Any attempt to stop an individual’s fight against oppression has always been, and continues to be, a violent act, which we must repudiate and denounce. This happened, for example, with women and their actions against the dictatorial regime established in Brazil on March 31, 1964. These women were hardly ever mentioned in the official narratives, or even by their own resistance movements, which in general do not attribute this group the importance it deserves.

Women have almost always been portrayed by hegemonic historiography as subordinate or non-existent subjects. This is because, following the logic of patriarchal culture, the narrative construction of history is, in general, white, Christian, Eurocentric, heterosexual, and male. It is as if those that don’t fit the archetype do not perform the role of social actors. While many efforts are being made to transform this reality, attempts to halt the actions of these individuals continue.

When it comes to resistance to the dictatorial regime beginning with the military coup, with the consent and participation of sectors of the national bourgeoisie, women’s role is not highlighted, giving the mistaken view that this social group was not prominent in the movements of resistance to this period of terror which was, unfortunately, part of Brazil’s history.

Despite what most official accounts, as well as those of the bourgeois press, had wanted to create in the memory of Brazilian society, during this period women actively participated in the struggle, whether through underground resistance or armed combat, through the guerrilla groups.

Criméia Alice Schimidt de Almeida is one of these women. A member of the Communist Party of Brazil, she fought in the Araguaia Guerilla War, an emblematic movement of the period, which sought to establish a socialist revolution in the country, and which was harshly countered by the military. The war lasted from the end of the 1960s to 1974. Due to problems during pregnancy, she left the movement in 1972, after having been involved for four years.

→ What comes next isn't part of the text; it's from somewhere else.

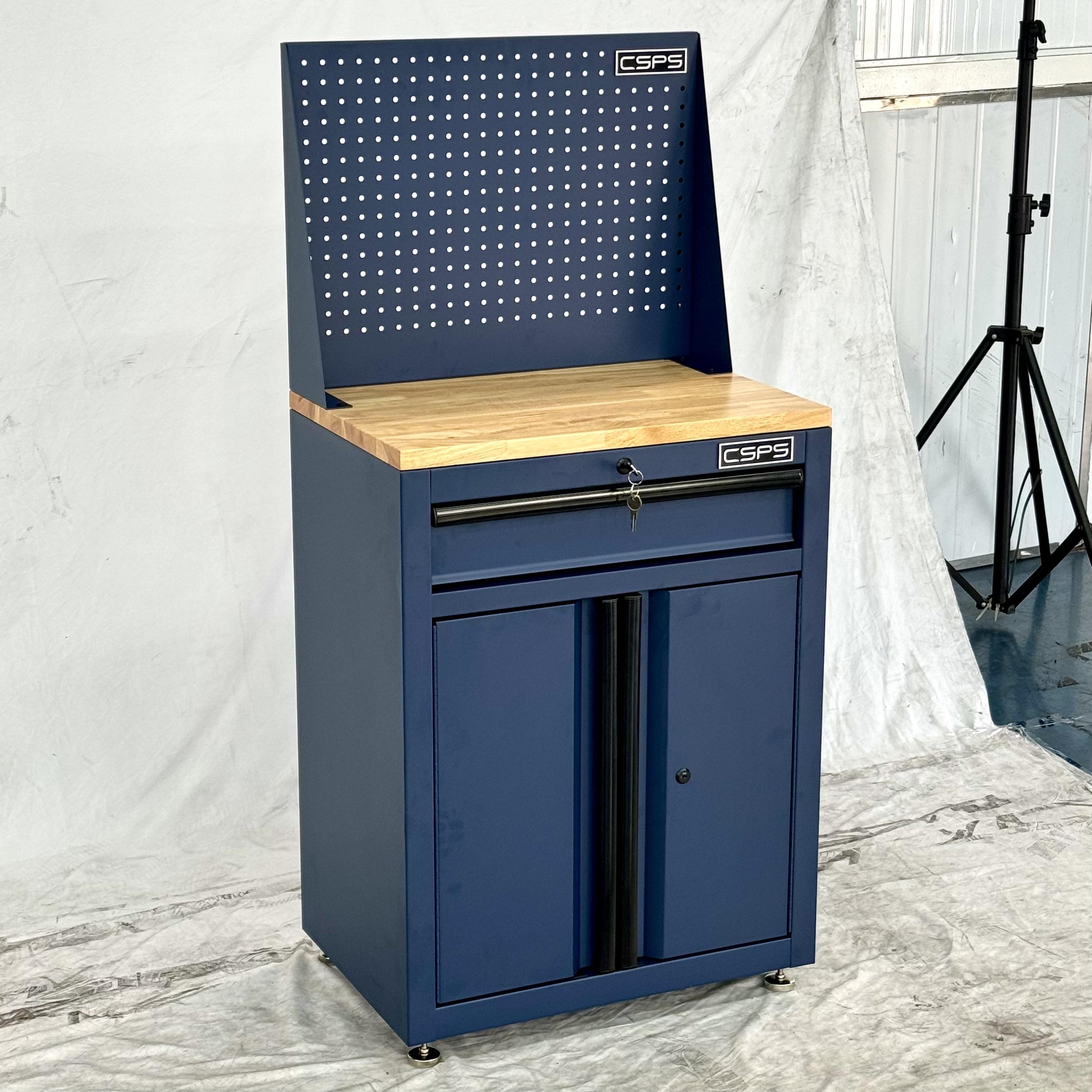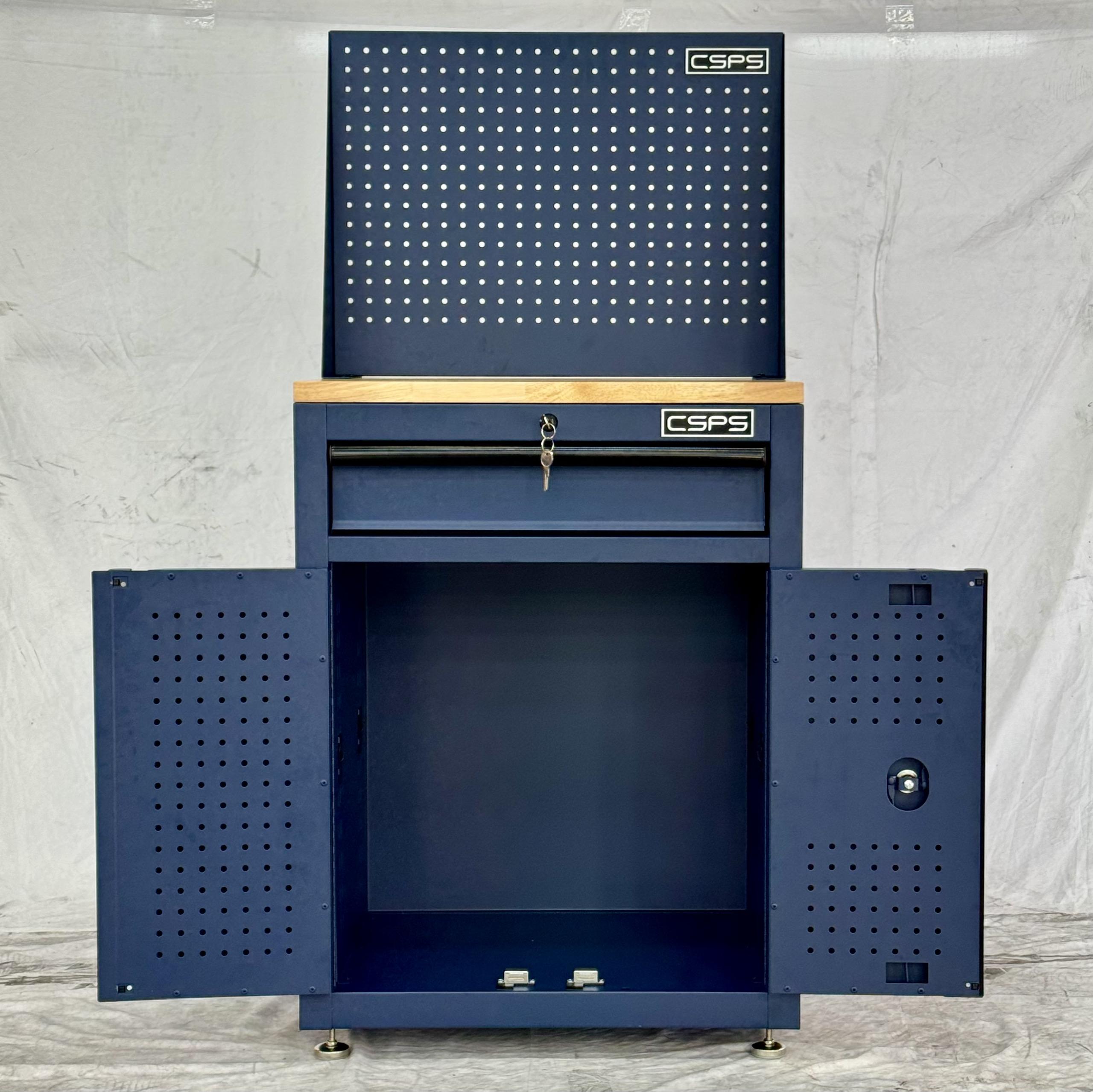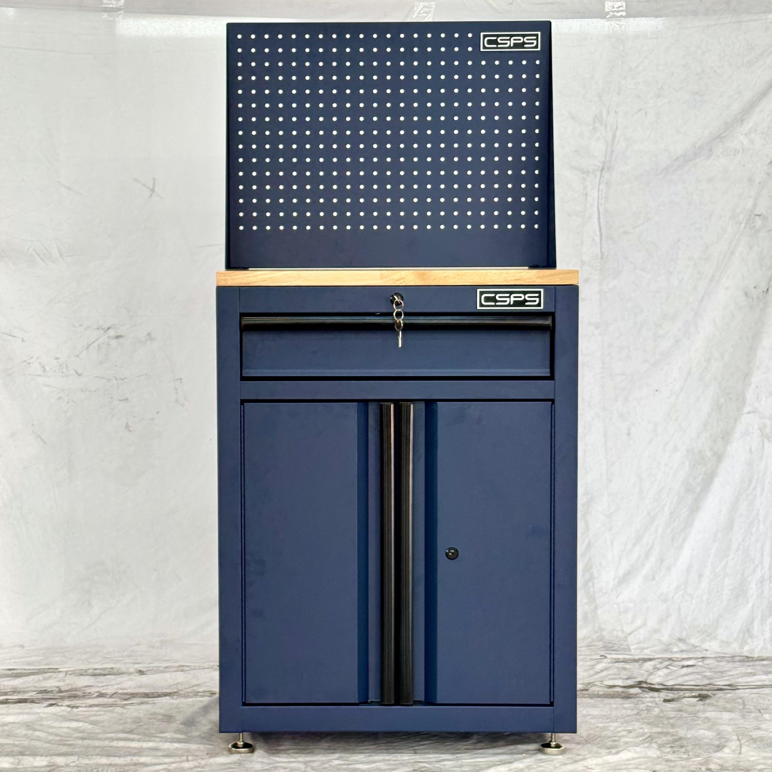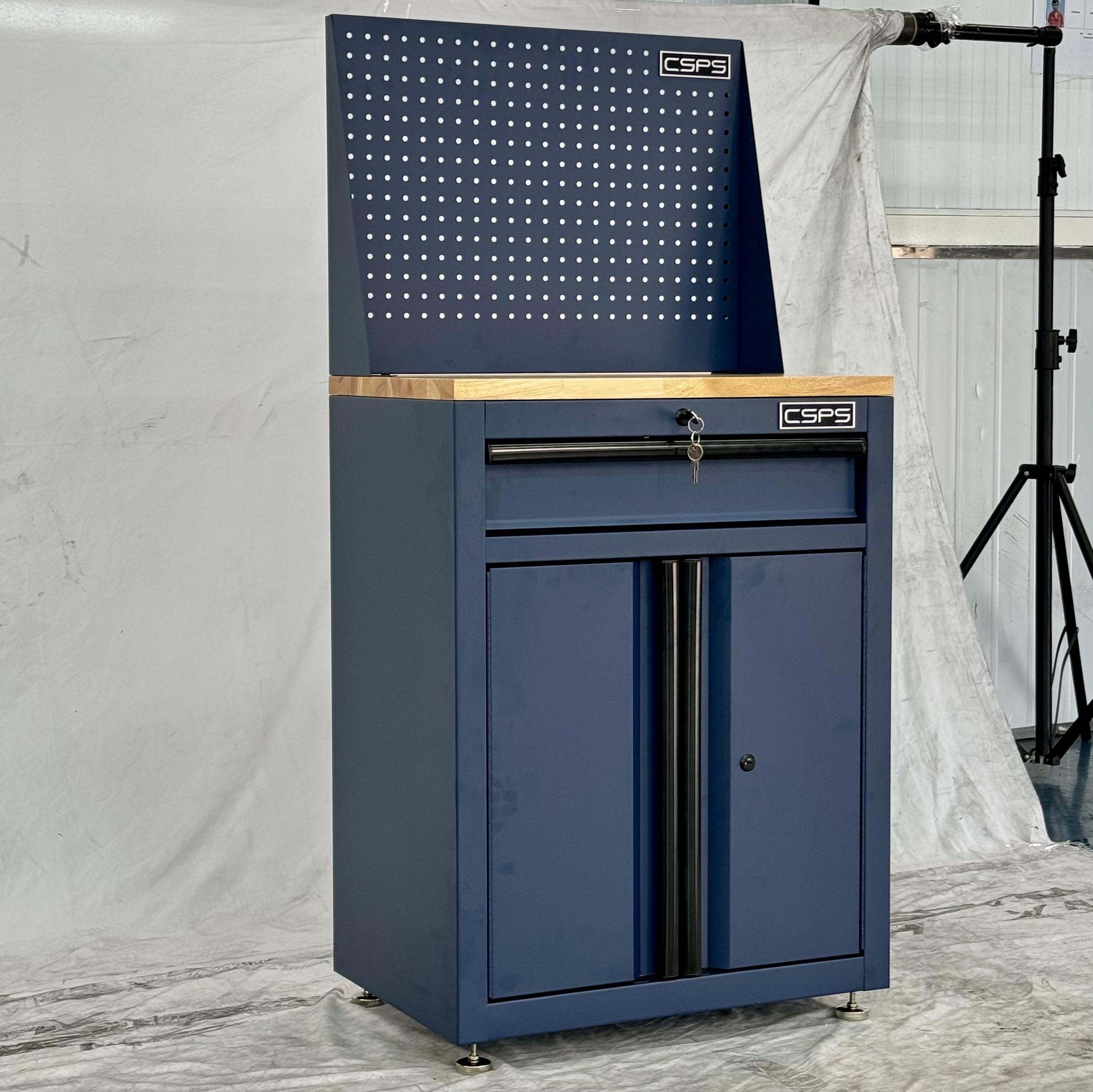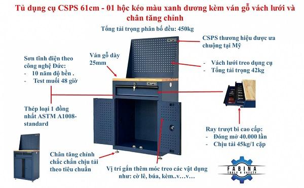 Tủ dụng cụ CSPS 61cm - 01 hộc kéo màu xanh dương kèm ván gỗ vách lưới và chân tăng chỉnh

At the age of 12 Criméia was already showing signs of her spirit of resistance at school, leading a group of students to make a decision regarding the implementation of an experimental school. She later became active in the university student movement, in 1968, while studying at Ana Nery Nursing School.

Imprisonment and torture

Criméia was arrested while participating in a National Union of Students conference in October 1968, in the town of Ibiúna, not far from São Paulo. After her release, the same year, she went into hiding immediately after the promulgation of Institutional Act No. 5, the harshest expression of the dictatorship.

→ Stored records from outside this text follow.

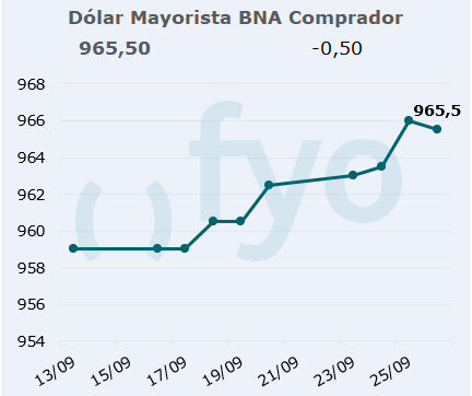 El dólar cerró en la jornada de hoy a $ 965,50.
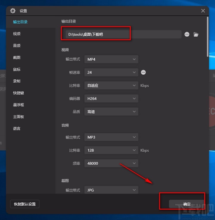 5.完成以上所有步骤后,我们在界面上方可以看到“输出目录”下方的文本框中显示的就是刚刚设置的保存位置了,这时候点击窗口右下角的“确定”按钮就可以了。
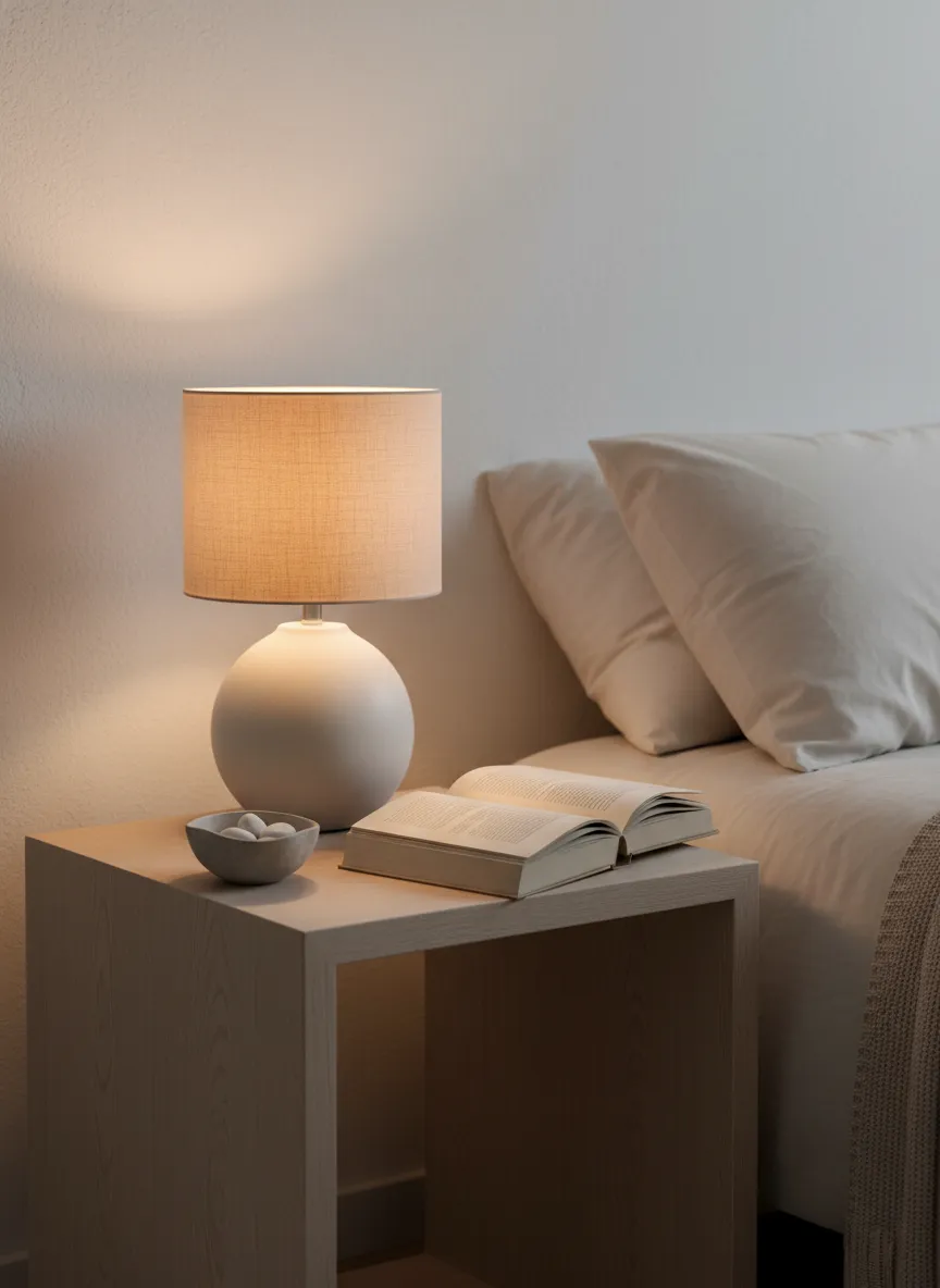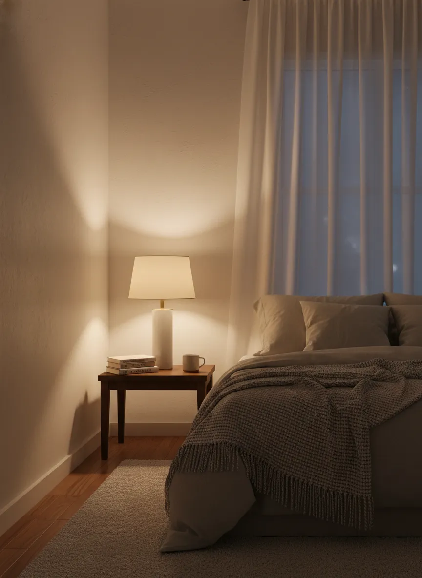 Warm lighting softens minimal rooms. Lamps replace harsh overhead light. Shadows stay gentle.

As she had fallen pregnant, she stopped fighting and assumed responsibility for communication between the guerrillas and the Communist Party of Brazil. On one of her trips to establish this connection, she was imprisoned and tortured in São Paulo. She was then taken to Brasilia, where the torture continued until her child was born. Criméia continues in the fight, currently participating in the Commission of Family Members of the Political Dead and Disappeared.

There is no way to know how many women were involved, or all the different ways in which they featured in this period of Brazilian history. We can say, however, that many organised themselves and fought in different ways, like in the case, for example, of those that came together in the group “Brazilian Union of Mothers”, who organised marches denouncing the disappearances of their loved ones during that tragic period.

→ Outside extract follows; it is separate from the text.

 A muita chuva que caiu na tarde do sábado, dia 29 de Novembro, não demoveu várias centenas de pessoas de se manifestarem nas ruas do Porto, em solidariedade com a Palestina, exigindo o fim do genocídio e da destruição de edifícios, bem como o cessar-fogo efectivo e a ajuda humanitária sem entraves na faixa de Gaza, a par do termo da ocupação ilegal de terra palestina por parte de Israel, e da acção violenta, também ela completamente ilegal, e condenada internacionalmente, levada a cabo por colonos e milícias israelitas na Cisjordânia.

Fortunately, despite attempts to obliterate these battles, there are historians who have sought to demonstrate women’s presence during this period and at other times in history, so as to include them as subjects of research, and, above all, subjects of history. Considering women’s active participation throughout history is not just about considering gender relations, but, in particular, demonstrating and opposing attempts to make these subjects invisible in the record of events and in history itself.